Kenanga Research & Investment

Lafarge Malaysia - FY18 Within Expectations

kiasutrader
Publish date: Thu, 28 Feb 2019, 10:39 AM

FY18 CNL of RM318m is within our CNL estimate of RM333m but missed consensus CNL forecast of RM292m. No dividends declared as expected. Post results, we narrowed our FY19E CNL to RM241m (from RM251m) after increasing utilisation rate on higher export cement sales. We also introduce our FY20E CNL of RM204m. Upgrade to MARKET PERFORM (from UNDERPERFORM) on LAFMSIA with unchanged TP of RM1.85.

Within expectations. FY18 core net loss (CNL) of RM318m is within our CNL estimates of RM333m but missed consensus CNL forecast of RM292m. No dividends declared as expected.

Results highlight. FY18 CNL of RM318m deteriorated from a CNL of RM210m YoY due to lower revenue (-6%) from weaker cement demand and higher rebates dished out as a result of the softer market condition owing to persistent overcapacity exacerbated by the slowdown in infrastructure jobs. QoQ, 4Q18 CNL of RM62m narrowed compared to 3Q18’s CNL of RM109m on lower operating cost attributed to lower energy prices, distribution costs and absence of plant maintenance. Recall that the 3Q18 CNL was exceptionally high due to the timing of annual shutting down of major plants in Langkawi and Kantan for maintenance. Based on channel checks, cement rebates in 4Q18 for bulk cement represented 44% discount to the market price of RM370/MT, whilst bag cements are priced at a lower discount of 22% to the market price of RM19.25/bag.
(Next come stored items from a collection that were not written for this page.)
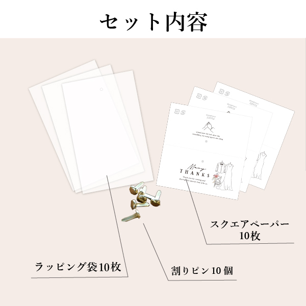 | 内容物 | ・スクエアペーパー(ペーパーヘッダー)×10枚 ・割りピン×10個 ・ラッピング袋(PP袋)×10枚 |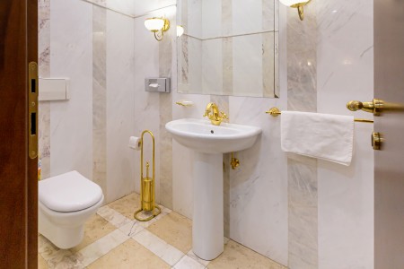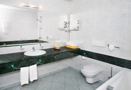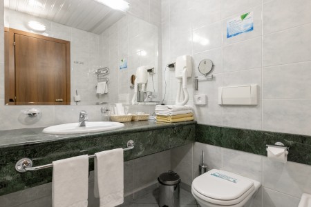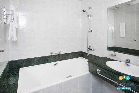 - туалет, умывальник, душ или ванна, фен, халат, тапочки.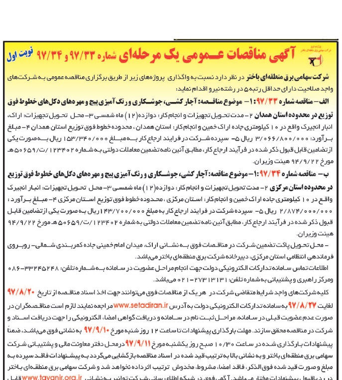 —– آگهی مناقصه ۳۳-۳۴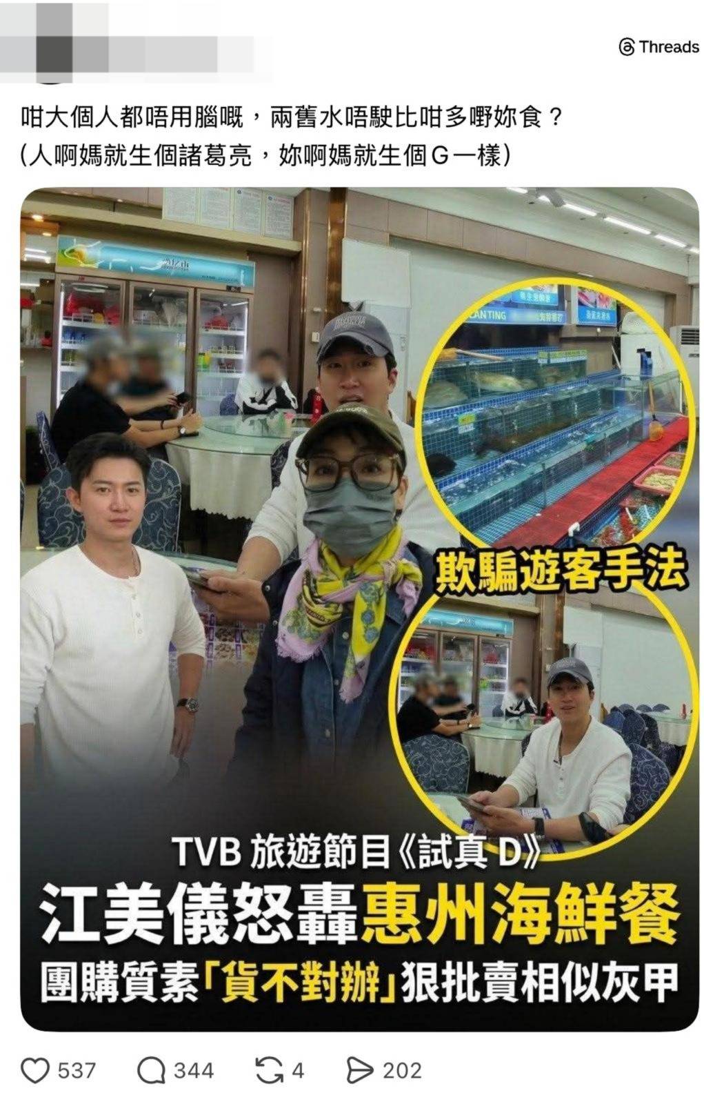 試真D|江美儀惠州食海鮮中伏被嘲唔用腦 江母慘被侮辱 19字反擊獲過萬人讚好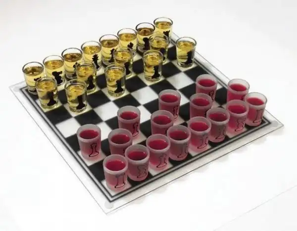На шахматной доске вместо фигур расставляются рюмки с выпивкой. Желательно, чтобы или рюмки, или выпивка имели разный цвет, дабы отличить свои фигуры от чужих. Каждая битая «фигура» выпивается ударившим.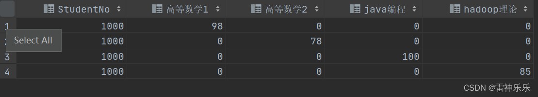 select studentno, max(高等数学1) math1, max(高等数学2) math2, max(java编程) java, max(hadoop理论) hadoop
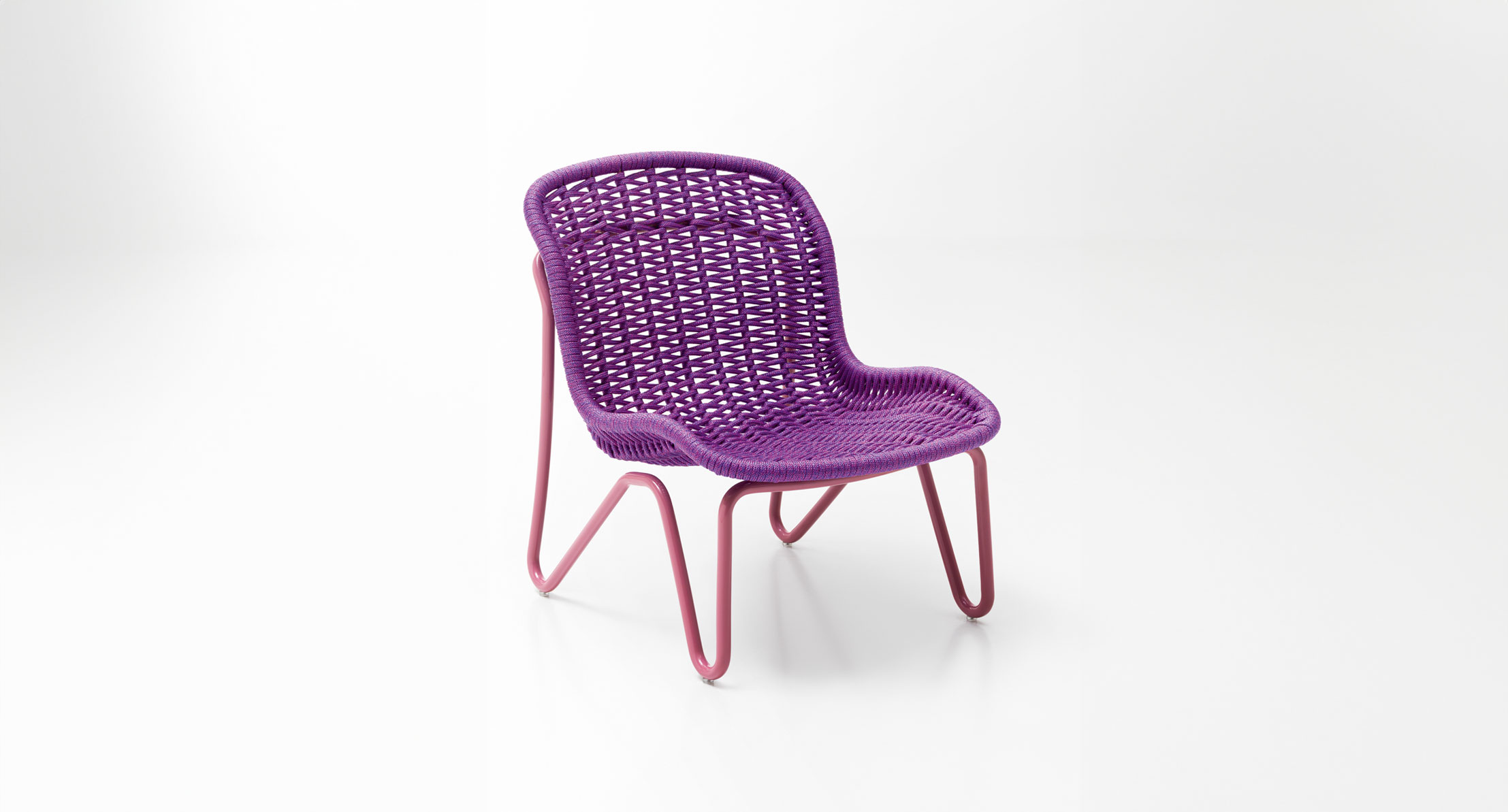 Poltrona e poltrona bassa con rivestimento fisso intrecciato a mano sulla struttura.

FY19 outlook. We understand that management intends to offset the weaker domestic demand by widening its export market reach primarily to Bangladesh, leveraging on its Langkawi plant. We believe that by increasing export, it helps to cushion the weak local demand as well as to maintain capacity utilization at an optimal level. However, we remain cautious over the overall group outlook in 2019 due to weak domestic demand woes and continuous overcapacity in the market leading to stiff competition and cement rebates wars. The group export strategy may partially help to drive the revenue figures but given low margins from export sales, we do not expect any immediate significant bottom-line improvements. Nonetheless, our FY19 forecast implies better performance with net loss narrowing to RM241m from RM318m net loss in FY18.
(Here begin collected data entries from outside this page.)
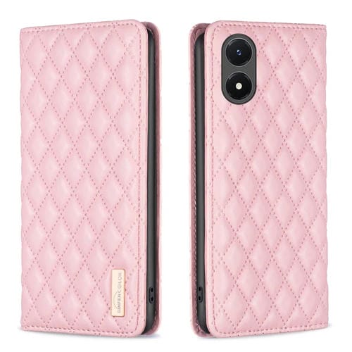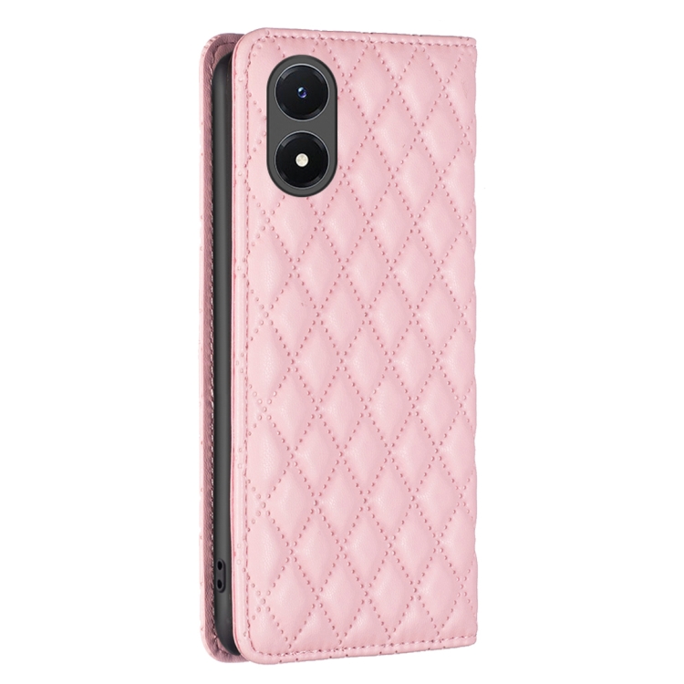Para Vivo Y02S Diamond Lattice Funda de Teléfono con Tapa de Cuero Magnético (Rosa)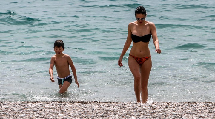 Kimi sahilde güneşlenirken kimi ise denize girerek, Akdeniz'in keyfini sürdü.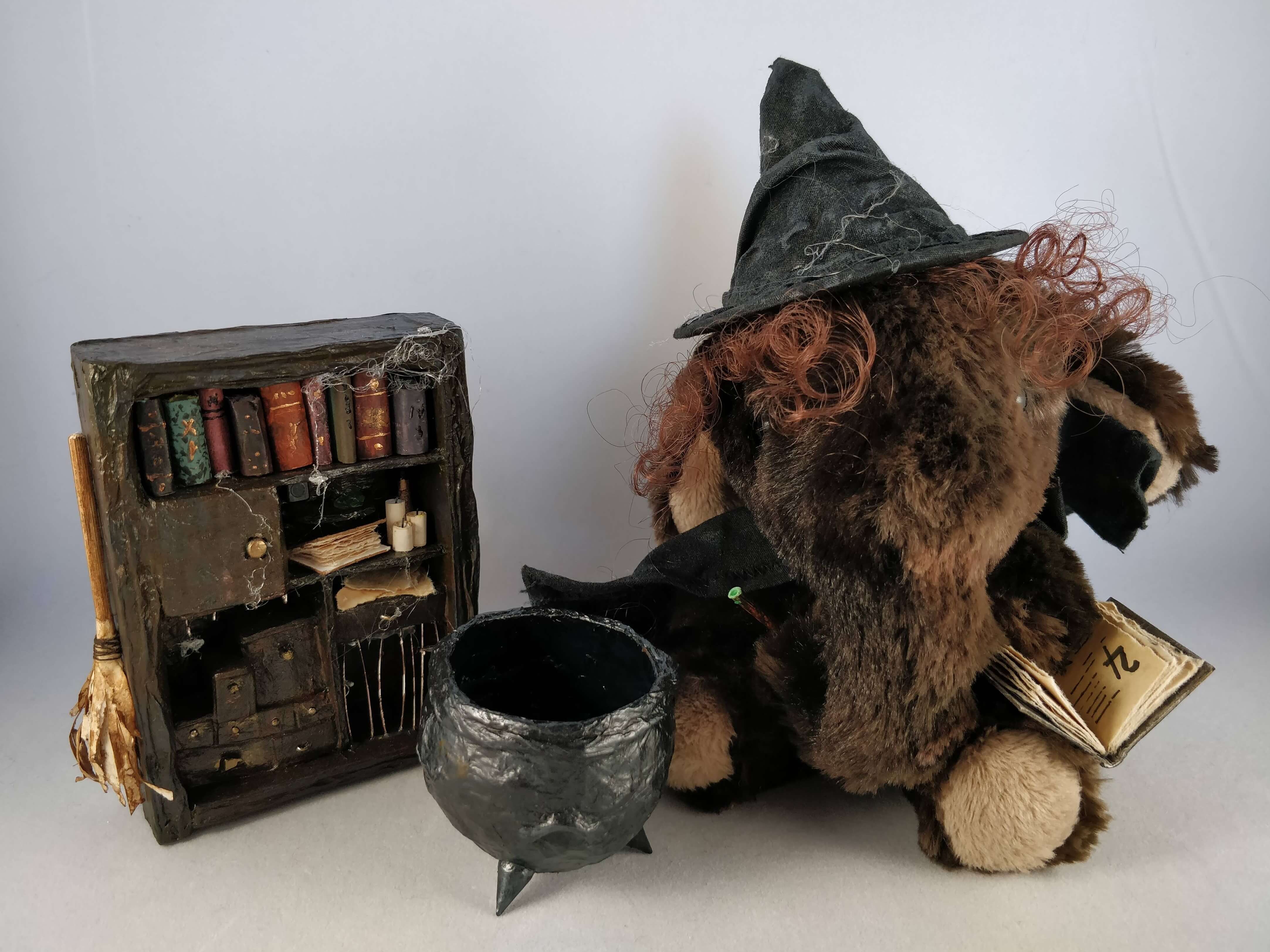 In addition to that wonderful hat Elsebeth wears a cloak which has been carefully aged to show wear from the many magical accidents she has caused over the years. She comes with her handmade shelves, cauldron, magic wand and spell book, ready to create a little bit of mischief wherever she goes.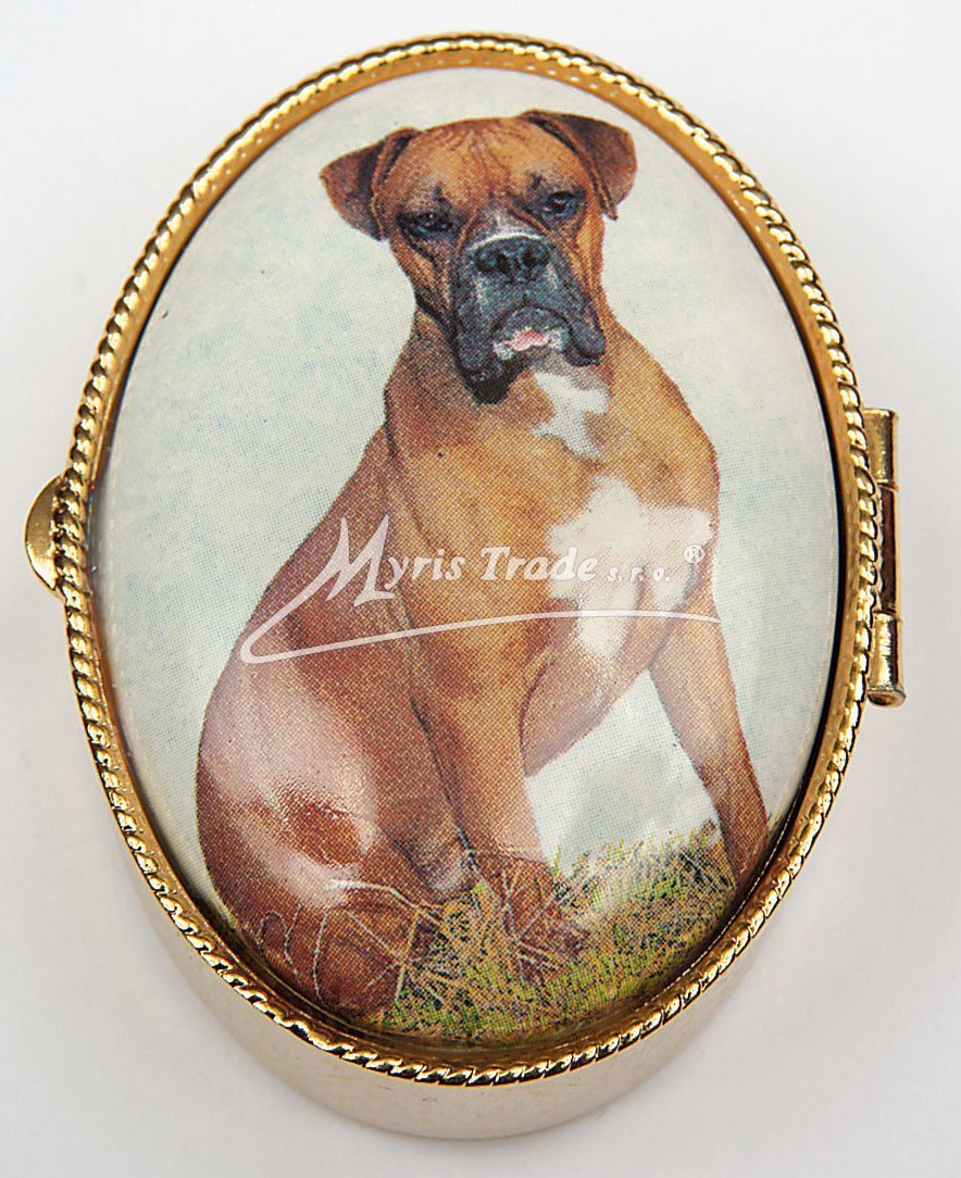 oválná lékovka je vyrobena z kovu zlaté barvy s porcelánovým víčkem s motivem psa
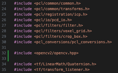 에러 해결을 위해서는 LIO-SAM/include/utility.h 파일을 수정하면 되는데 #include <opencv2/opencv.hpp> 구문을 라인 33번(#include <pcl_conversions/pcl_conversions.h> 밑)으로 옮기게 되면 정상적으로 빌드되는 것을 확인하였다.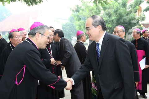 | Nguyên Thiên Nhân (droite), et le président du Conseil épiscopal du Vietnam, Bùi Van Doc, |

Narrowed FY19E estimates by 4%. Post results, we narrowed our FY19E CNL to record RM241m (from RM251m) after increasing cement utilisation rate from 40% to 45% on higher export cement sales. Subsequently, we introduce our FY20E CNL of RM204m.

Upgrade to MARKET PERFORM (from UNDERPERFORM) with unchanged Target Price of RM1.85 following recent share prices corrections. YTD, share price has corrected by 5% since our last report published in January 2019. Our Fwd. PBV is based on an unchanged Fwd. PBV valuation of 0.7x on unchanged FY19E BV/share of RM2.66. Our 0.7x PBV valuation is pegged below 1999-2005’s Fwd. PBV range of 0.9-1.5x when earnings were relatively volatile ranging from a loss position of RM8.8m to profit of RM118m. Our 0.7x Fwd.PBV (lower than 0.9-1.5x) is justified given given large quantum of losses currently as compared to 1991-2005. With narrowing losses, we expect our valuation basis to hold for now and will only re-rate upon firmer earnings recovery to the black.

Risks to our call include higher-than-expected cement prices, lower- than-expected raw material and energy costs, and stronger-than- expected cement demand.